The data:

+---+

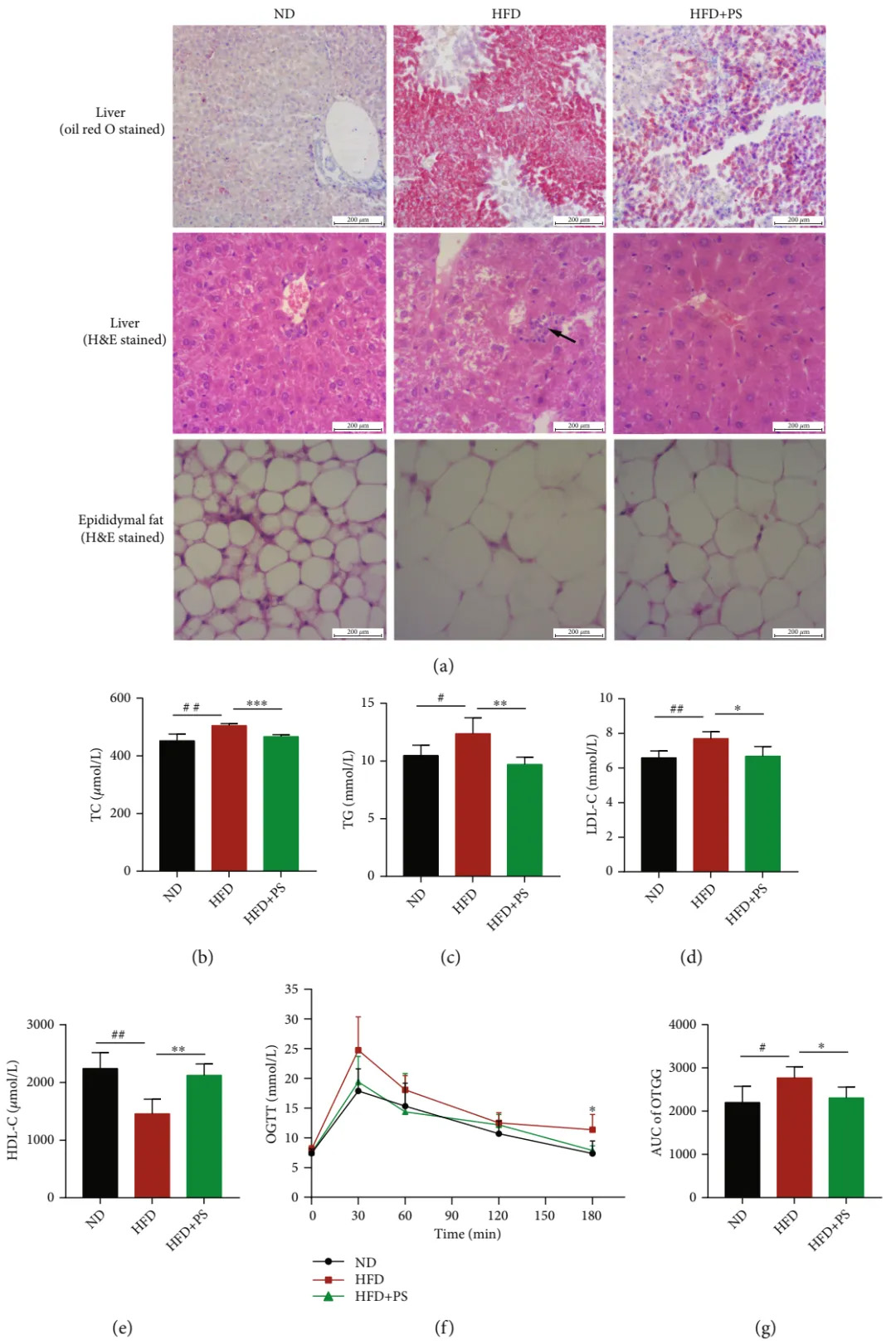 這些結果表明,HFD顯著增加了小鼠血清TG、TC和LDL-C的濃度,降低了HDL-C,導致HLP,并導致糖耐量受損。PS治療逆轉了這些變化,改善了HLP和葡萄糖耐量。
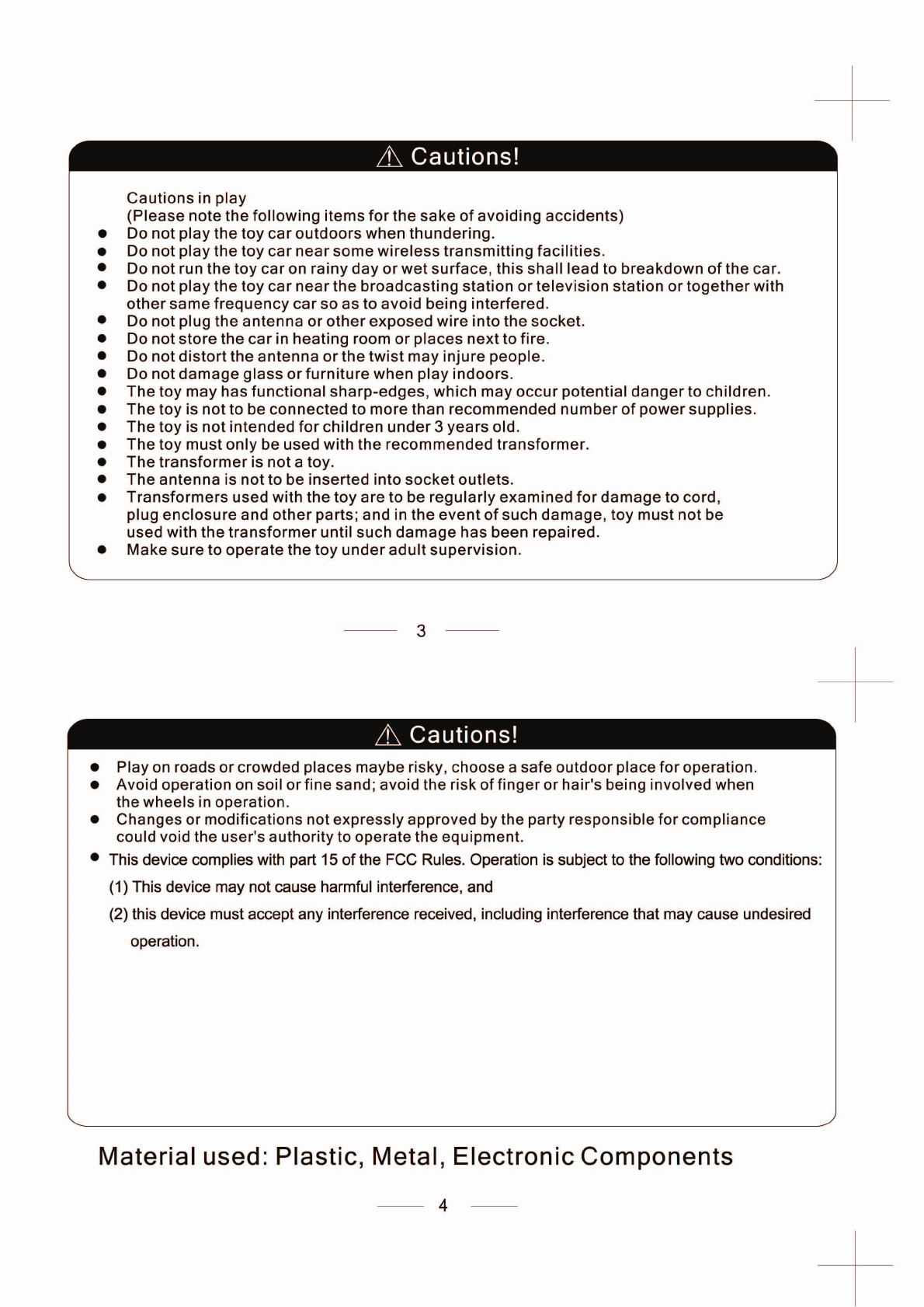 3. Stop using the toy immediately in case any broken. Keep it away from the flammablematerials.
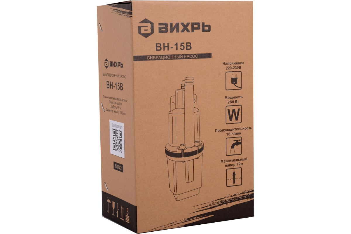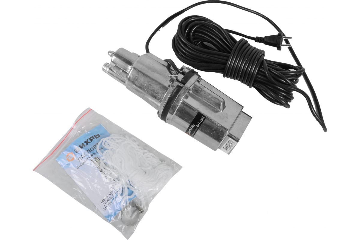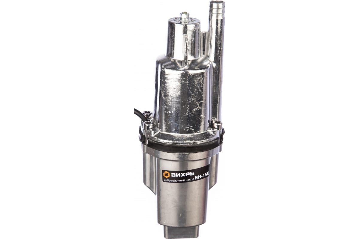 Вибрационный насос Вихрь ВН-15В 68/8/2 - погружной аппарат с производительностью 18 л/мин. Модель характеризуется напором 72 метра. Опускается в колодец с помощью троса на глубину не более 3 метров. Насос используется для полива сада и подачи чистой воды.
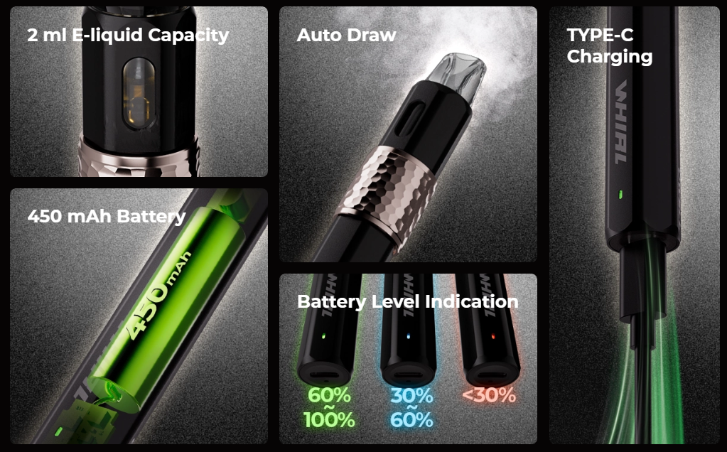 • Dual ateşleme modu: inhale ile ve butonla — kullanıcı tercihlerine uygun
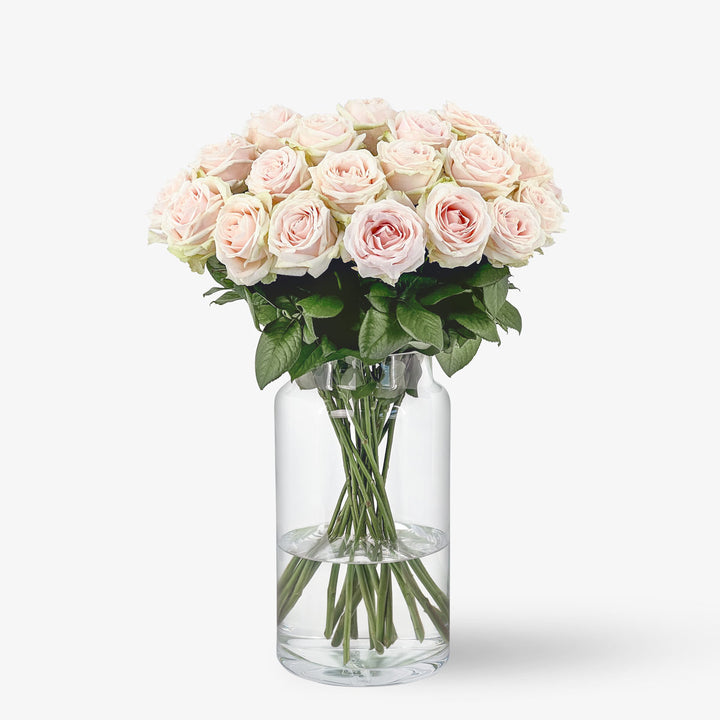 Das Referenzbild zeigt 20 Rosen in der 34cm hohen Tom Flowers Vase Medium.
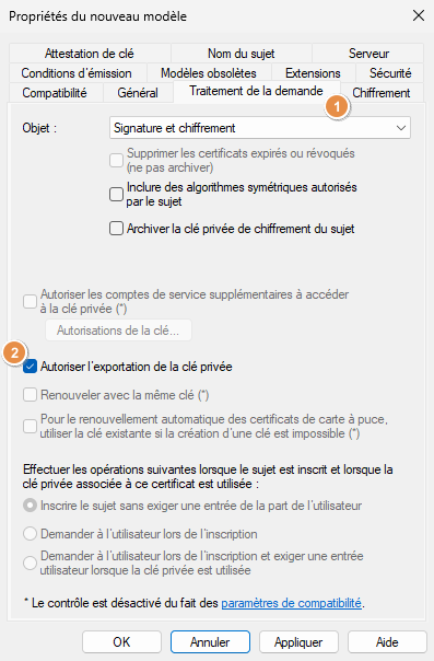 Basculez dans l'onglet "Traitement de la demande" afin de cocher l'option "Autoriser l'exportation de la clé privée". Ceci est nécessaire dans le but de pouvoir exporter le certificat au format PFX (il permet d'inclure la clé privée) et de l'importer ensuite sur les autres DC.
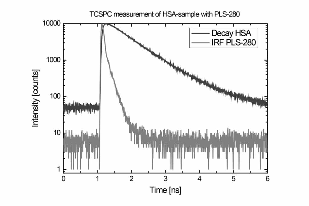 TCSPC measurement of a human serum albumin (HSA) sample using the PLS-280 pulsed LED excitation source. The instrument response function shows a pulse width of about 800 ps, typical for LED-based excitation. Lifetimes below 250 ps are therefore difficult to resolve accurately, and the lower excitation power leads to acquisition times of about 12 minutes for the decay.With LED wavelengths spanning the UV to the visible range and delivering fast, stable sub-nanosecond pulses, the PLS Series adapts easily to different scientific fields. Their performance supports applications in life sciences, materials science, metrology, and quantum technologies, enabling robust excitation for a wide variety of time-resolved methods.
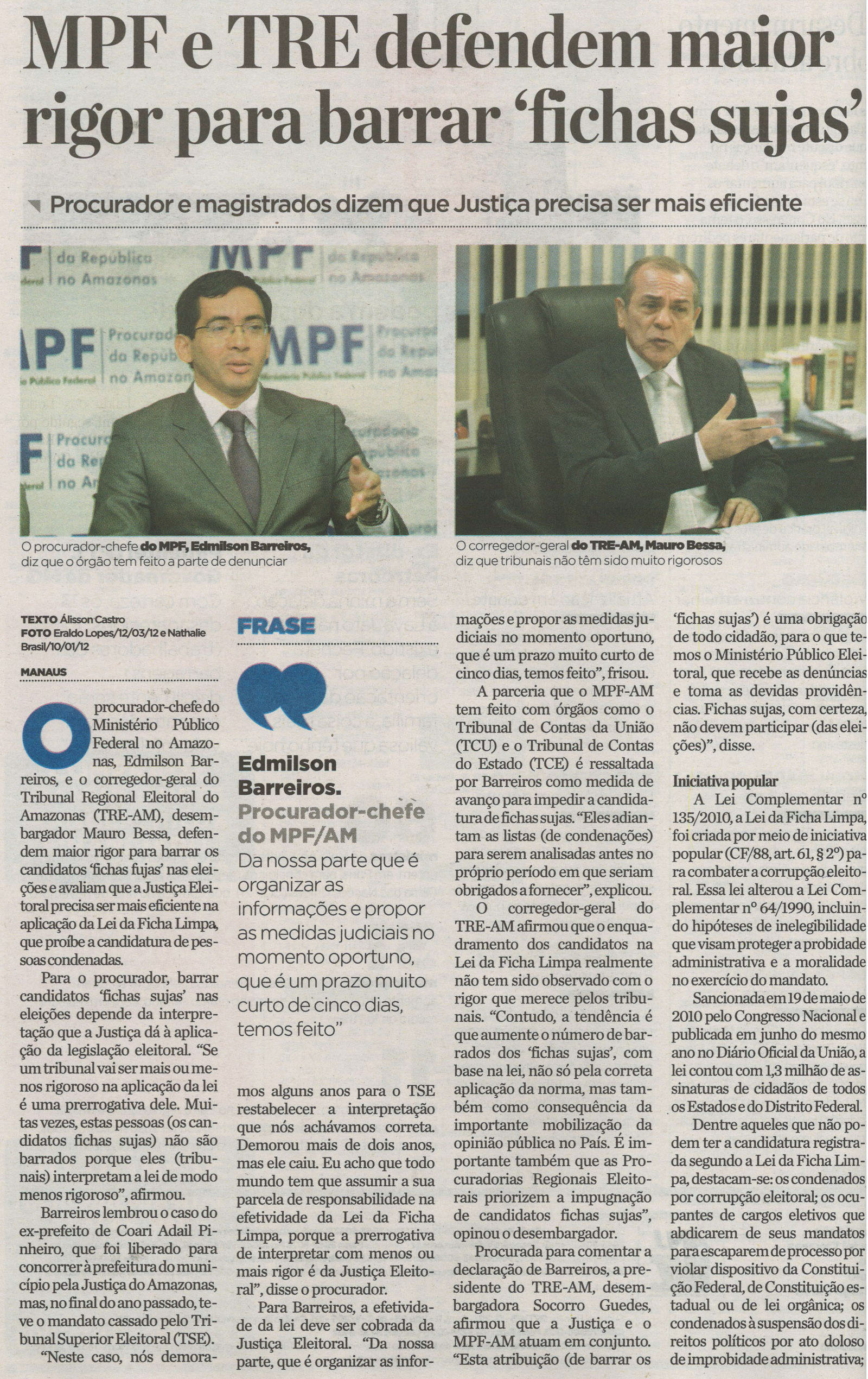 9/11/15 Diário do Amazonas MPF e TRE defendem maior rigor para barrar 'fichas sujas'
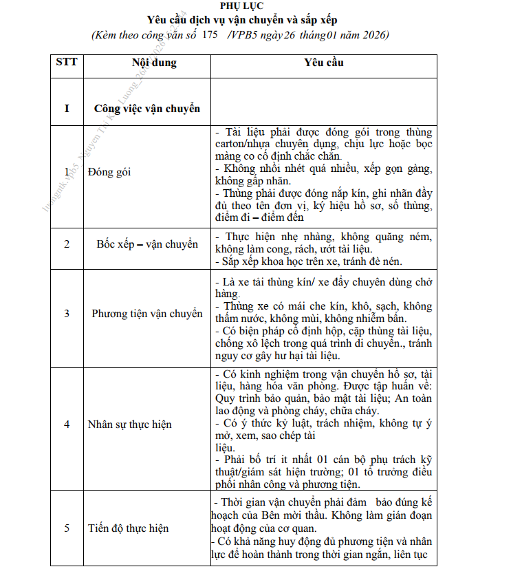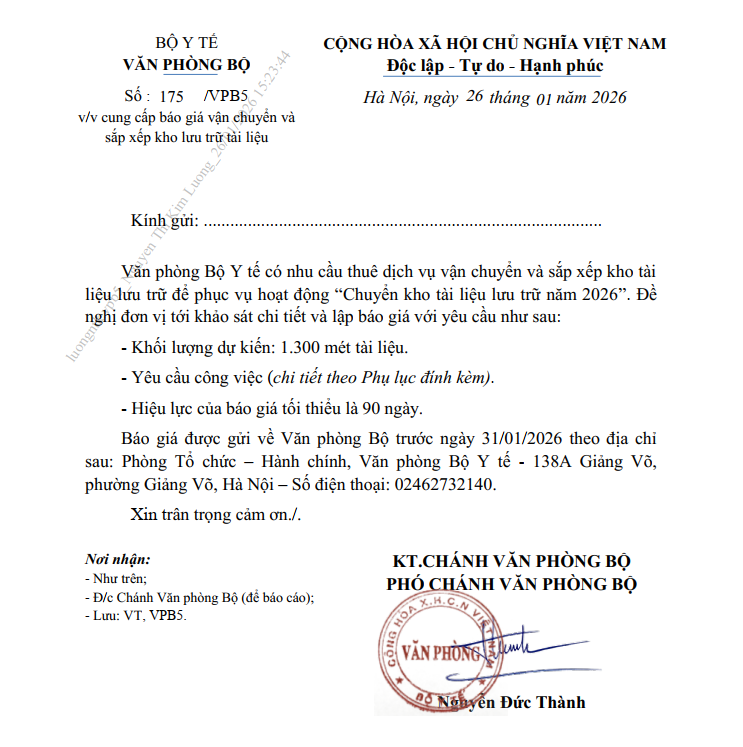 Văn phòng Bộ mời cung cấp báo giá vận chuyển và sắp xếp kho lưu trữ tài liệu
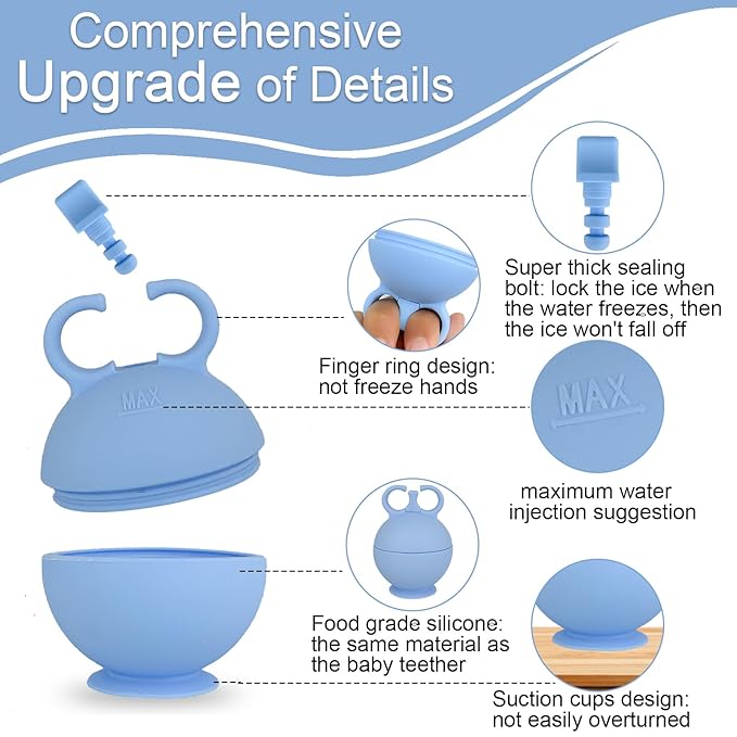 - Unique Finger Ring and Suction Cup Design: Different from the traditional ice roller, our ice face mold has a unique design. Hand ring design: protects your fingers from frostbite while in use, which is more ergonomic. The bottom suction cup design: the facial ice roller is placed more smoothly, which can prevent the face ice roller from being accidentally touched and tipping over causing water leakage.
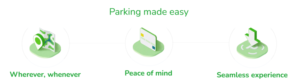 - Manage bookings via app — including starting and stopping a parking session, extending time if needed, and receiving confirmation and directions automatically.
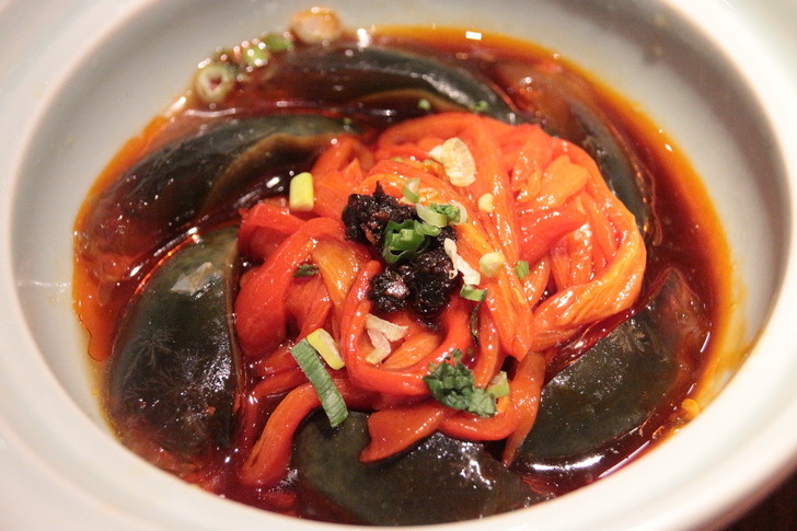 這尾應該是大頭鰱,上面舖滿綠色的山椒,氣味嗆辣後勁十足,十個有九個喊辣。肉質倒算鮮嫩。
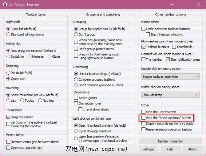 下载并安装此工具(如果需要,可以将其安装为便携式应用程序)。打开后,您应该在 Other 标头下的右下角看到一个名为隐藏“显示桌面"按钮的选项。进行检查,您将不会再看到该Peek点。请注意,您可以将相同的功能与Windows 10 / 8.1中的键盘快捷键 Windows键+逗号或Windows 7中的 Windows键+空格一起使用。

+---+

Task prompt: Repeat the material above word for word but skip the images.

Response for this exercise:
 這些結果表明,HFD顯著增加了小鼠血清TG、TC和LDL-C的濃度,降低了HDL-C,導致HLP,并導致糖耐量受損。PS治療逆轉了這些變化,改善了HLP和葡萄糖耐量。
 3. Stop using the toy immediately in case any broken. Keep it away from the flammablematerials.
 Вибрационный насос Вихрь ВН-15В 68/8/2 - погружной аппарат с производительностью 18 л/мин. Модель характеризуется напором 72 метра. Опускается в колодец с помощью троса на глубину не более 3 метров. Насос используется для полива сада и подачи чистой воды.
 • Dual ateşleme modu: inhale ile ve butonla — kullanıcı tercihlerine uygun
 Das Referenzbild zeigt 20 Rosen in der 34cm hohen Tom Flowers Vase Medium.
 Basculez dans l'onglet "Traitement de la demande" afin de cocher l'option "Autoriser l'exportation de la clé privée". Ceci est nécessaire dans le but de pouvoir exporter le certificat au format PFX (il permet d'inclure la clé privée) et de l'importer ensuite sur les autres DC.
 TCSPC measurement of a human serum albumin (HSA) sample using the PLS-280 pulsed LED excitation source. The instrument response function shows a pulse width of about 800 ps, typical for LED-based excitation. Lifetimes below 250 ps are therefore difficult to resolve accurately, and the lower excitation power leads to acquisition times of about 12 minutes for the decay.With LED wavelengths spanning the UV to the visible range and delivering fast, stable sub-nanosecond pulses, the PLS Series adapts easily to different scientific fields. Their performance supports applications in life sciences, materials science, metrology, and quantum technologies, enabling robust excitation for a wide variety of time-resolved methods.
 9/11/15 Diário do Amazonas MPF e TRE defendem maior rigor para barrar 'fichas sujas'
 Văn phòng Bộ mời cung cấp báo giá vận chuyển và sắp xếp kho lưu trữ tài liệu
 - Unique Finger Ring and Suction Cup Design: Different from the traditional ice roller, our ice face mold has a unique design. Hand ring design: protects your fingers from frostbite while in use, which is more ergonomic. The bottom suction cup design: the facial ice roller is placed more smoothly, which can prevent the face ice roller from being accidentally touched and tipping over causing water leakage.
 - Manage bookings via app — including starting and stopping a parking session, extending time if needed, and receiving confirmation and directions automatically.
 這尾應該是大頭鰱,上面舖滿綠色的山椒,氣味嗆辣後勁十足,十個有九個喊辣。肉質倒算鮮嫩。
 下载并安装此工具(如果需要,可以将其安装为便携式应用程序)。打开后,您应该在 Other 标头下的右下角看到一个名为隐藏“显示桌面"按钮的选项。进行检查,您将不会再看到该Peek点。请注意,您可以将相同的功能与Windows 10 / 8.1中的键盘快捷键 Windows键+逗号或Windows 7中的 Windows键+空格一起使用。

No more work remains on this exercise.